Earlier this year, a couple of my colleagues at Collabora were trying to prepare an NVK demo for Embedded World and ran across an issue with WebGL in Chromium. If they enabled Vulkan support in Chromium and tried to run any WebGL demo, it would flicker like mad for a few seconds and then hang. After a few more seconds, it would go back to flickering and the process would repeat.
The hang, as it turns out, was Chromium's render process getting stuck and the watchdog killing and re-starting it. Where did it get stuck? Inside of Mesa's core vkQueueSubmit() implementation, waiting for a binary semaphore to materialize. Why? Because Zink broke one of the fundamental rules of binary Vulkan semaphores: there can only be one wait operation on any given signal operation. You can't signal once and then wait multiple times. More specifically, when doing GL<->Vulkan interop, Zink would sometimes fail to signal semaphores.
Wait, why are you doing GL<->Vulkan interop for WebGL?
Good question! When you enable Vulkan support in Chromium, that doesn't necessarily mean the entire web browser is running on top of Vulkan. Some parts of Chromium switch to using ANGLE to layer OpenGL on top of Vulkan, others may use Vulkan directly, and others may continue using the system OpenGL implementation (Zink, in our case). It then uses the GL<->Vulkan interop extensions to pass images and synchronization primitives between components so everything works together.

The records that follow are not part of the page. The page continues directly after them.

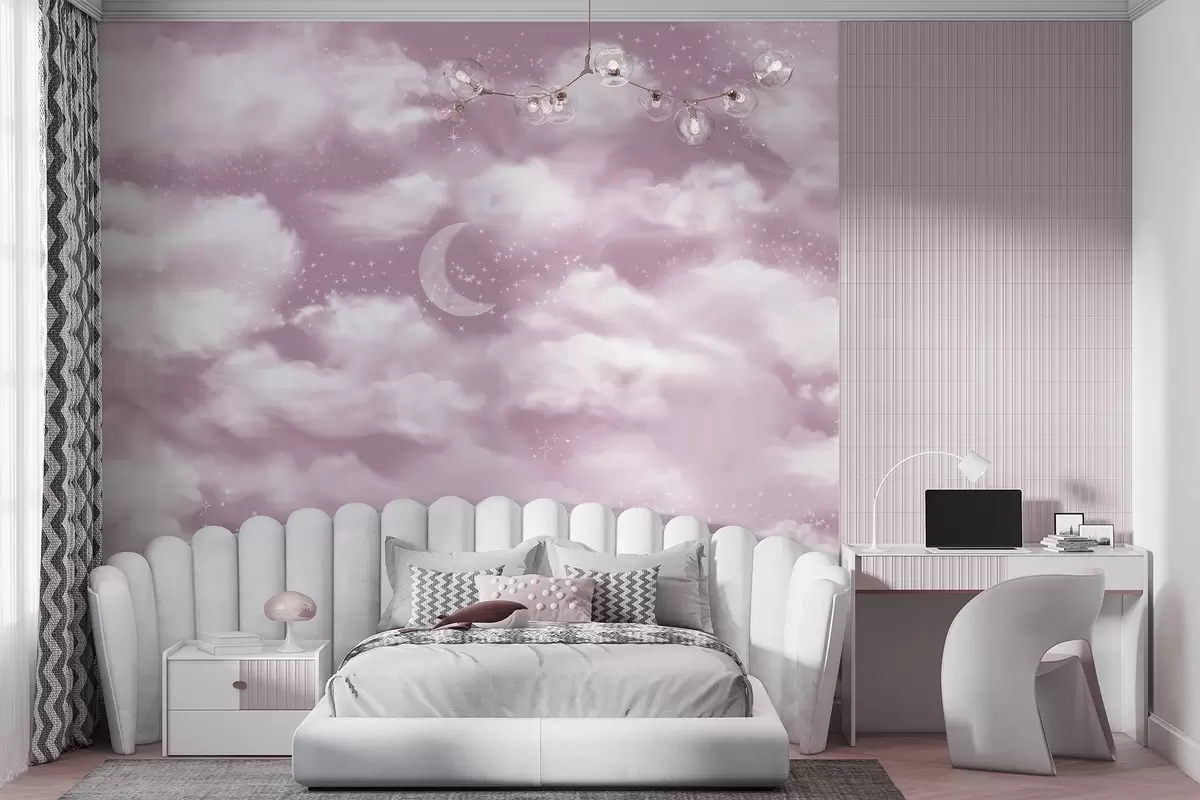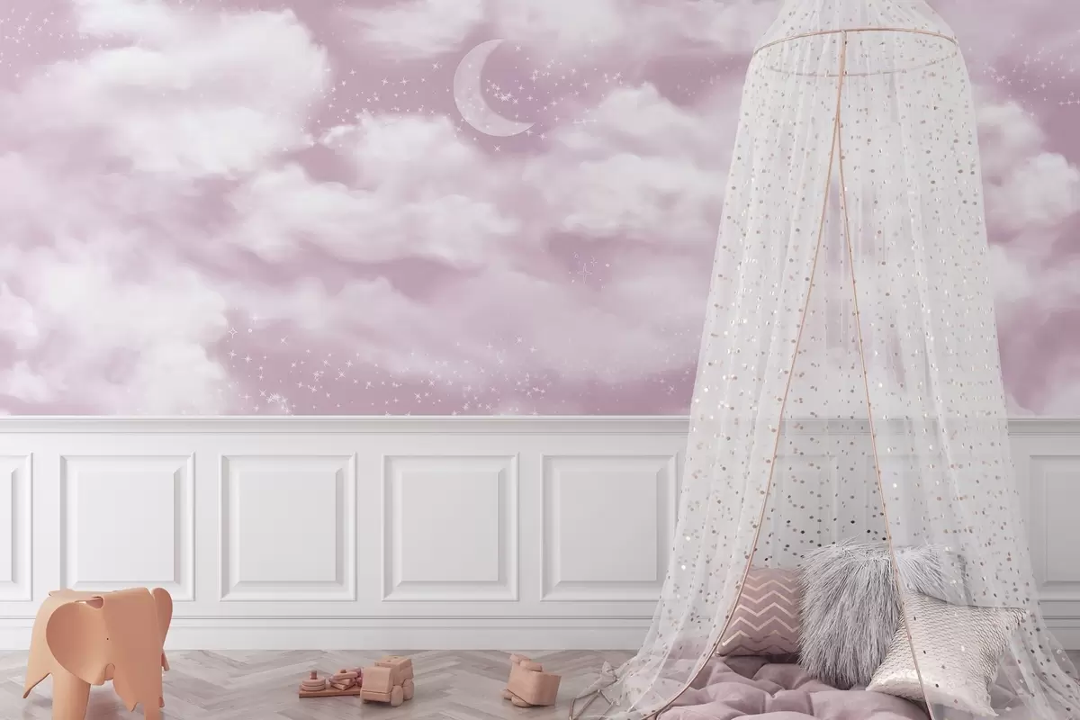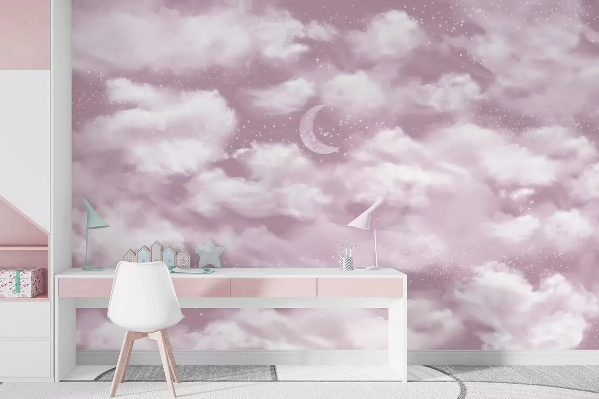 Papier peint Ciel étoilé avec lune et nuages, rêve, éthéré, couleurs roses douces N° w02515v3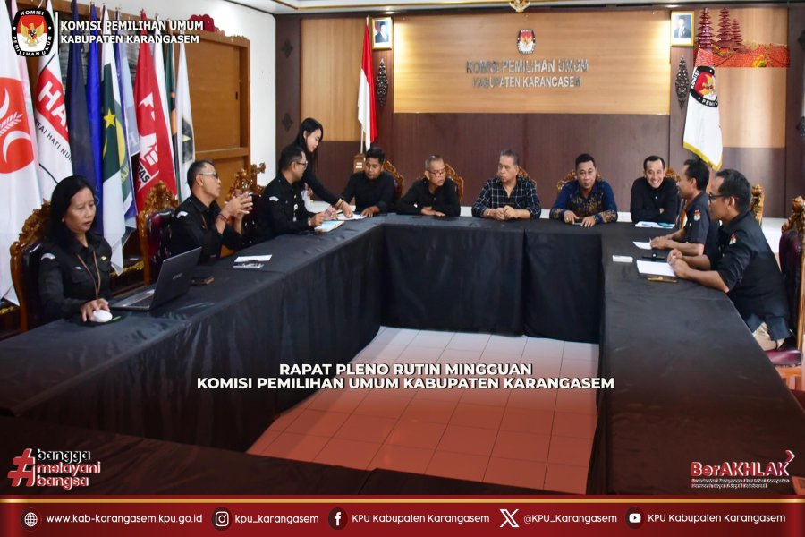 Amlapura, kab-karangasem.kpu.go.id - Komisi Pemilihan Umum Kabupaten Karangasem melaksanakan Rapat Pleno Rutin Mingguan sebagai media koordinasi, perencanaan serta proses evaluasi dan sinkronisasi terhadap kinerja satker. Pertemuan ini digelar di Ruang Rapat KPU Kabupaten Karangasem pada Rabu (18/2/2026). Rapat pleno dipimpin oleh Ketua KPU Kabupaten Karangasem, I Putu Darma Budiasa didampingi para Anggota, Plt. Sekretaris dan Kepala Sub Bagian KPU Kabupaten Karangasem. Setelah pembukaan dan arahan oleh Ketua KPU Kabupaten Karangasem, Plt. Sekretaris menjelaskan kegiatan dan agenda yang sudah dan belum dilaksanakan, dilanjutkan dengan penjelasan masing-masing Ketua Divisi terkait rencana kegiatan yang akan dilaksanakan seminggu kedepan. Pada pertemuan ini, KPU Kabupaten Karangasem mengevaluasi hasil pelaksanaan tugas dan kegiatan yang sudah dan belum dilaksanakan, utamanya terkait persiapan pelaksanaan perjanjian kerja sama antar lembaga, audiensi dengan Kepala Kejaksaan Negeri Karangasem dan Dandim 1623 Kabupaten Karangasem. Tak lupa disampaikan kepada jajaran untuk perubahan jam kerja pada Bulan Ramadhan kedepan. Rapat diakhiri dengan berdoa bersama mengharap seluruh agenda dapat terlaksana dengan baik dan diberi keberhasilan, keselamatan serta kesehatan. ....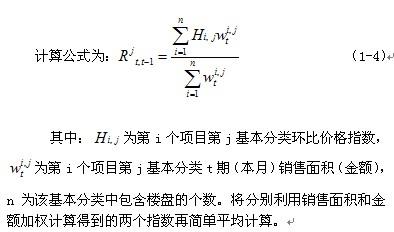 根據(jù)70個(gè)大中城市基本分類月環(huán)比價(jià)格指數(shù)分別利用各城市本月銷售面積和金額作為權(quán)數(shù)計(jì)算價(jià)格指數(shù),然后將兩個(gè)價(jià)格指數(shù)簡單平均。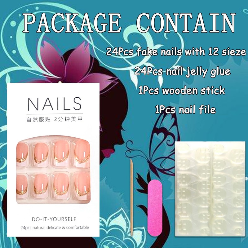 - Package: You'll get 24 french short square false nails in 12 sizes. 1 mini nail file, 1 small wooden stick, 1 piece of nail glue sticker. Glue on nails are perfect for most people's nails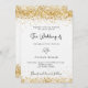 A stylish white background.  Decorated with faux gold glitter dust. Personalize and add your names and the details.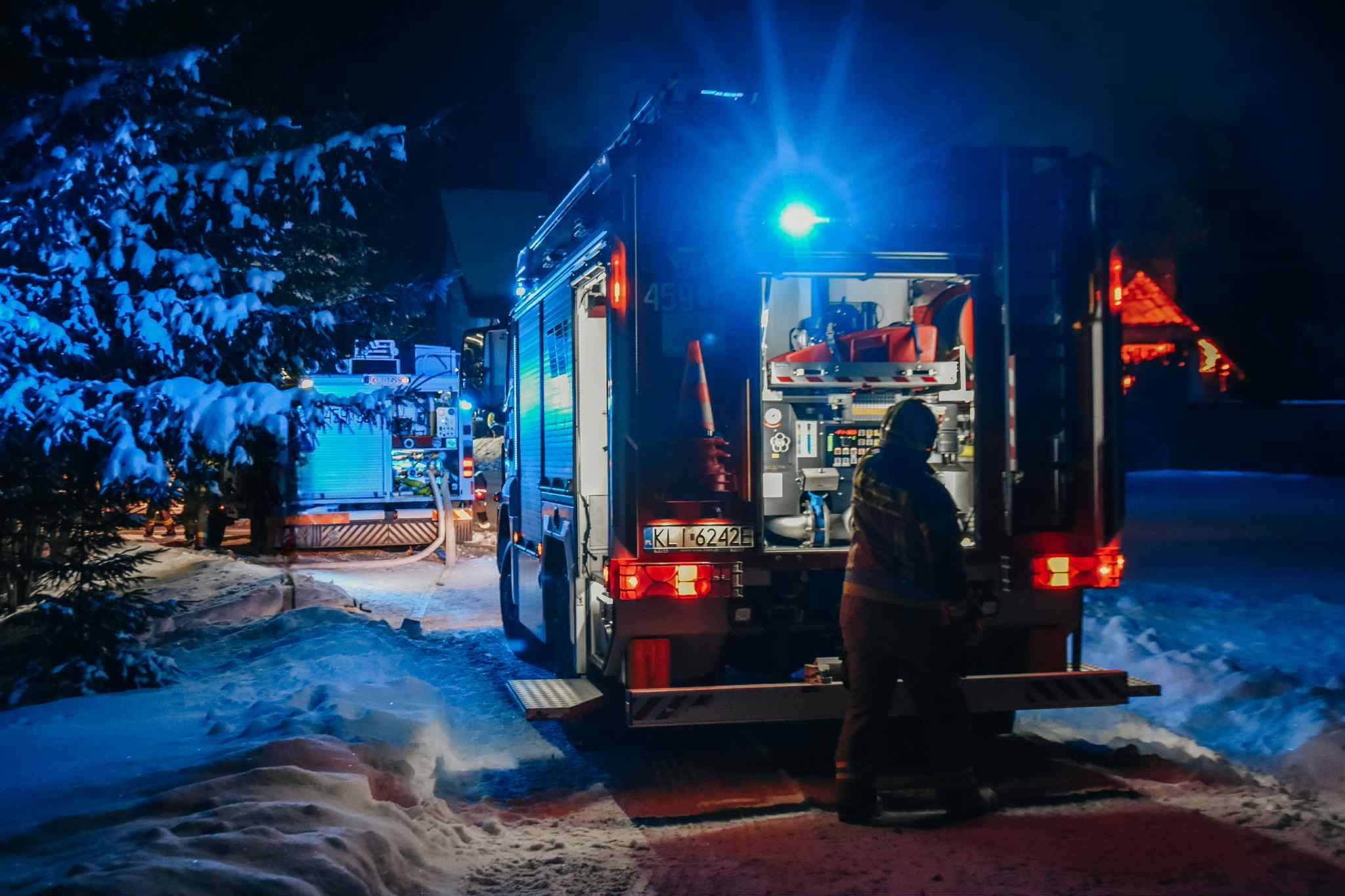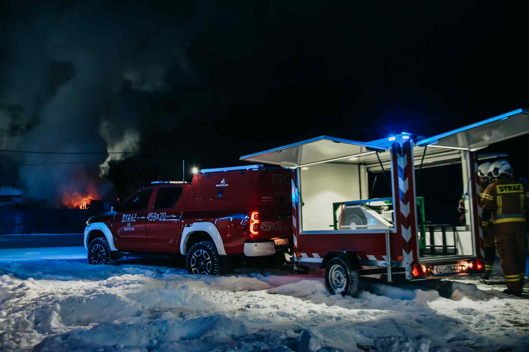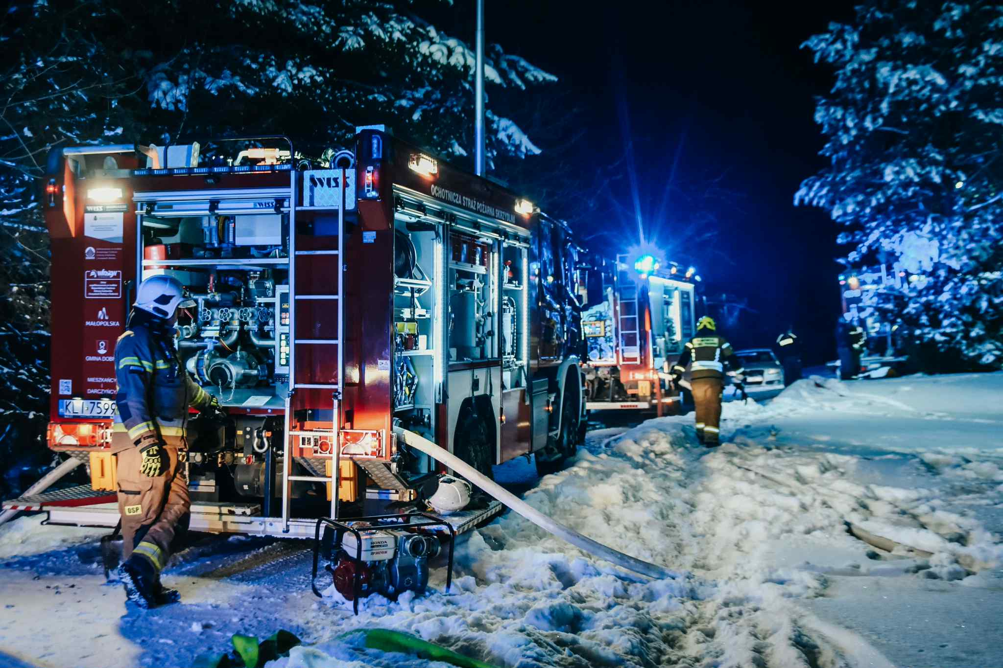 W akcji uczestniczyło 7 samochodów strażackich oraz przyczepka do nabijania butli powietrzem do aparatów oddechowych, które strażacy używali podczas działań. Łącznie podczas gaszenia pożaru pracowało 35 strażaków z jednostki PSP w Limanowej (Posterunku Czasowego PSP w Mszanie Dolnej) oraz jednostki OSP z Kasiny Wielkiej, Mszany Dolnej, Mszany Górnej i druhów z OSP w Skrzydlnej.

Once I figured out that it was an issue with synchronization in Zink's GL<->Vulkan interop implementation, I gave up on trying to debug Chromium itself. It's a massive multi-threaded, multi-process application and synchronization issues are hard enough to debug without all that excess complexity. So I spent about half my trans-Atlantic flight back from Vulkanised writing a very mean Piglit test. We already had a pretty good Vulkan test for this in crucible (a tiny Mesa Vulkan test suite). It has a pair of compute shaders which do slightly different hash-like operations on a buffer. It then ping-pongs between two different VkDevices, executing the two compute shaders. If there is ever a synchronization issue and the ping-pong doesn't properly interleave between the two devices, the final hash result will be wrong. My new Piglit test was a clone of the crucible test that runs one of the compute shaders in Vulkan and the other in OpenGL.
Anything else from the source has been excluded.